# [Extracted information]
● ● ● ● ●

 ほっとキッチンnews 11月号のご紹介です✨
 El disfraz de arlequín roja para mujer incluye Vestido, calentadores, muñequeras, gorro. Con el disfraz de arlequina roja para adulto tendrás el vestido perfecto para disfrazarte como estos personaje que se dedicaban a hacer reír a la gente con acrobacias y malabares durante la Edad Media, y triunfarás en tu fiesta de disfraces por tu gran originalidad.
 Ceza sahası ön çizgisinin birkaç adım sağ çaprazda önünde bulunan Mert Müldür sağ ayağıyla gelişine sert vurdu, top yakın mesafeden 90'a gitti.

● ● ● ● ●

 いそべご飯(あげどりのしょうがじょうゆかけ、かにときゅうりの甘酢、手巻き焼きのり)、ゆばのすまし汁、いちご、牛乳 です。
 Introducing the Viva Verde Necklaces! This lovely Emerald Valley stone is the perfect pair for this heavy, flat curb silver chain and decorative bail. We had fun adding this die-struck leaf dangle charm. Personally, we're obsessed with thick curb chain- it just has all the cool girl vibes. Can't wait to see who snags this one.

● ● ● ● ●

# [Assigned task]
Look through the material above and print exactly the lines from the one containing "ほっとキッチンnews 11月号のご紹介です✨" to the one containing "Ceza sahası ön", both included, and nothing more.

# [Your response]
 ほっとキッチンnews 11月号のご紹介です✨
 El disfraz de arlequín roja para mujer incluye Vestido, calentadores, muñequeras, gorro. Con el disfraz de arlequina roja para adulto tendrás el vestido perfecto para disfrazarte como estos personaje que se dedicaban a hacer reír a la gente con acrobacias y malabares durante la Edad Media, y triunfarás en tu fiesta de disfraces por tu gran originalidad.
 Ceza sahası ön çizgisinin birkaç adım sağ çaprazda önünde bulunan Mert Müldür sağ ayağıyla gelişine sert vurdu, top yakın mesafeden 90'a gitti.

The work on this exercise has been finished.